### Exercise details
Each line below from the one containing "Xiaomi Poco X3" through the one containing "Worldcoin experienced a" is to be given again exactly, and no line outside that span.

── Data for the task

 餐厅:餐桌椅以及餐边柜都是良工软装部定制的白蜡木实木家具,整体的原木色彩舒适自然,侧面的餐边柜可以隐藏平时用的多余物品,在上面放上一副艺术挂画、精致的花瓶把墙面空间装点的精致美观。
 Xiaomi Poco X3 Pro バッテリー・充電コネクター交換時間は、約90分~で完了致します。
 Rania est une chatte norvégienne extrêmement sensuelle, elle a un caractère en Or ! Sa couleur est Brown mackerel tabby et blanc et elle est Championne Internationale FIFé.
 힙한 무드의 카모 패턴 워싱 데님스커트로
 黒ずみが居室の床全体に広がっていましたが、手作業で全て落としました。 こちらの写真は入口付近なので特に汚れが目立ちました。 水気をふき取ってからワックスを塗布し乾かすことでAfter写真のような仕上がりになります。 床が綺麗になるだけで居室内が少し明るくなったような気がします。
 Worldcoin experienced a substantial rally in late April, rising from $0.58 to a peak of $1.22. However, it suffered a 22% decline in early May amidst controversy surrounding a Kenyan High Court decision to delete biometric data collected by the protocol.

────
── Data for the task

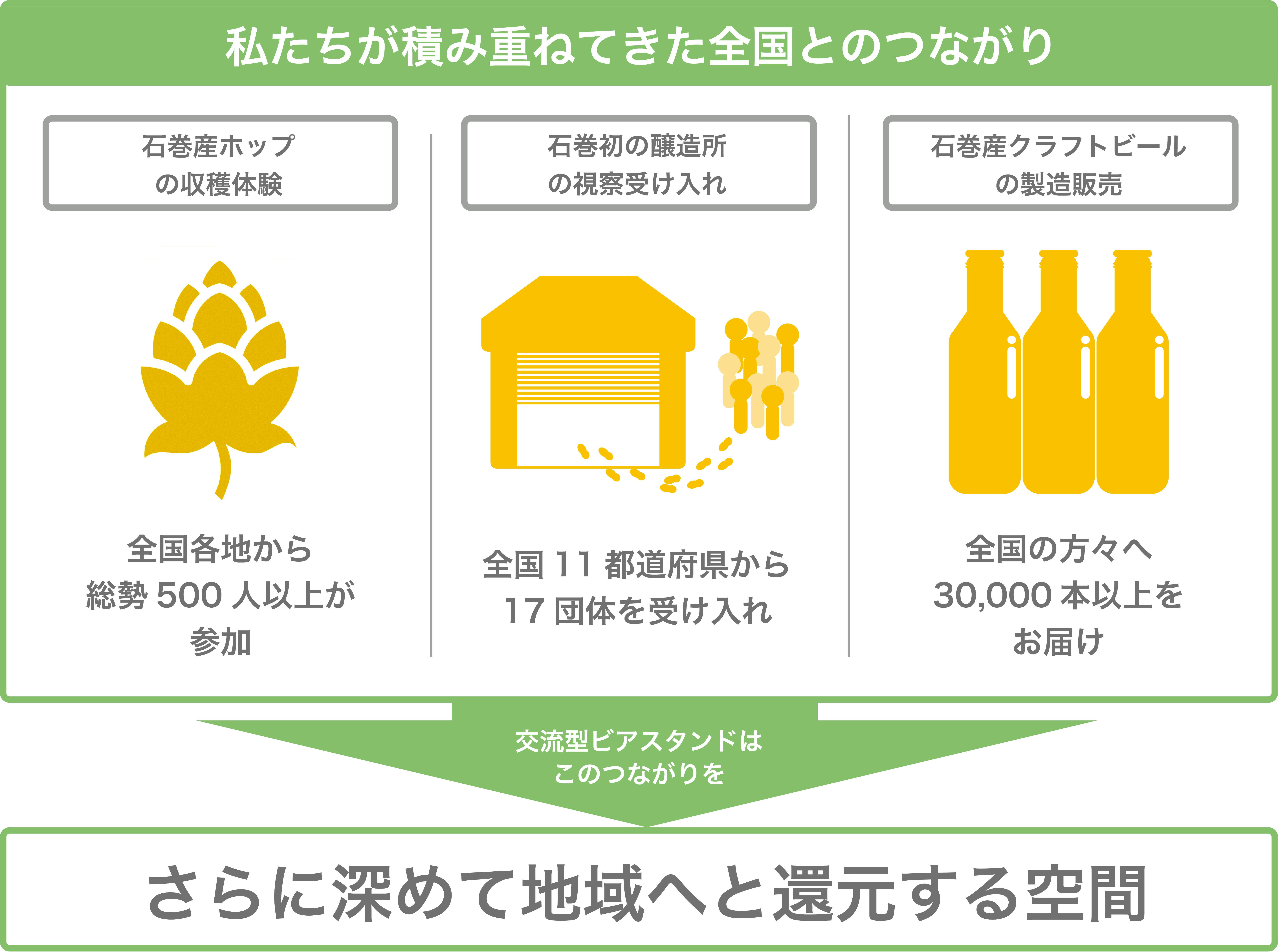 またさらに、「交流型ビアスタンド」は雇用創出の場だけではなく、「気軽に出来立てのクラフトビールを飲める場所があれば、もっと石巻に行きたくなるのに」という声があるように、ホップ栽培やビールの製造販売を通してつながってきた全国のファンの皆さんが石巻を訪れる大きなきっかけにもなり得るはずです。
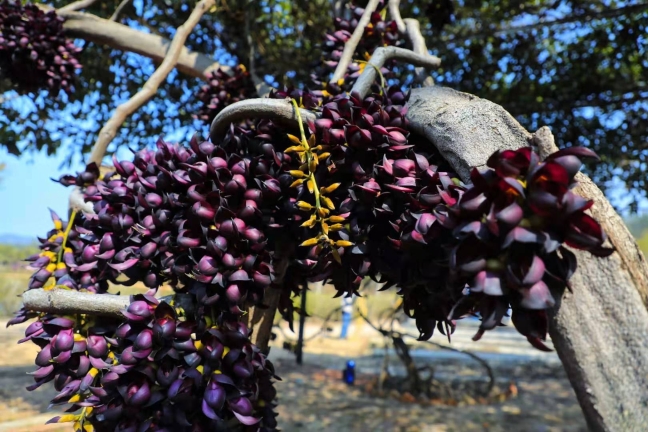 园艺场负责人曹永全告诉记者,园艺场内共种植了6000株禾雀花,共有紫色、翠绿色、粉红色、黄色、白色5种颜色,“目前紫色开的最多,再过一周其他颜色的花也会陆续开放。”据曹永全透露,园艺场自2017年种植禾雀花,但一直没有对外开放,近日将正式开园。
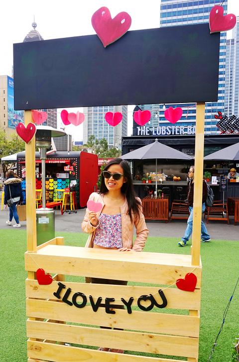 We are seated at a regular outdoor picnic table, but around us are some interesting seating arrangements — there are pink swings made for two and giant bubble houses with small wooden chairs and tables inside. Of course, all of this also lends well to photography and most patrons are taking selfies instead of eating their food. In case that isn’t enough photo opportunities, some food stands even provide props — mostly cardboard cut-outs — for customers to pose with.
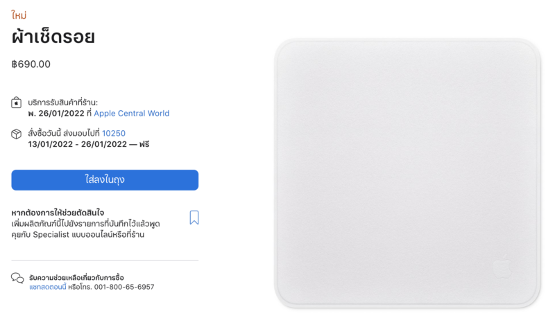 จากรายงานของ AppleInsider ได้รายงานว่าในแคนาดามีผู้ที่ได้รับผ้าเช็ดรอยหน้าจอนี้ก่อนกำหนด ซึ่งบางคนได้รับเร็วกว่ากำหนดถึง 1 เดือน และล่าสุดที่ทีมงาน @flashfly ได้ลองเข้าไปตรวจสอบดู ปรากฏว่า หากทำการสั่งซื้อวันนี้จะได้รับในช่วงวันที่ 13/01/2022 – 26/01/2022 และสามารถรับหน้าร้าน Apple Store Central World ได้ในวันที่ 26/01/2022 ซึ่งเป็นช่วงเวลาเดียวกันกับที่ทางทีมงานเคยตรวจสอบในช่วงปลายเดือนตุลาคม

────
── Data for the task

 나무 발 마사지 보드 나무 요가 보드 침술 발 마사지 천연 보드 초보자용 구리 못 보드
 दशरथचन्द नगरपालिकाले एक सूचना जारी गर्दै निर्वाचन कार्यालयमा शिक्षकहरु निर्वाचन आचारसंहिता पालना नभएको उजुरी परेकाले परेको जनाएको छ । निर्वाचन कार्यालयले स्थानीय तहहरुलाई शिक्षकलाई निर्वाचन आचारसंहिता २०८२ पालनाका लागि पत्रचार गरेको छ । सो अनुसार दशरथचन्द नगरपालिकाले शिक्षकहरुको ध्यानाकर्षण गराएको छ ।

────

### Result for this exercise
 Xiaomi Poco X3 Pro バッテリー・充電コネクター交換時間は、約90分~で完了致します。
 Rania est une chatte norvégienne extrêmement sensuelle, elle a un caractère en Or ! Sa couleur est Brown mackerel tabby et blanc et elle est Championne Internationale FIFé.
 힙한 무드의 카모 패턴 워싱 데님스커트로
 黒ずみが居室の床全体に広がっていましたが、手作業で全て落としました。 こちらの写真は入口付近なので特に汚れが目立ちました。 水気をふき取ってからワックスを塗布し乾かすことでAfter写真のような仕上がりになります。 床が綺麗になるだけで居室内が少し明るくなったような気がします。
 Worldcoin experienced a substantial rally in late April, rising from $0.58 to a peak of $1.22. However, it suffered a 22% decline in early May amidst controversy surrounding a Kenyan High Court decision to delete biometric data collected by the protocol.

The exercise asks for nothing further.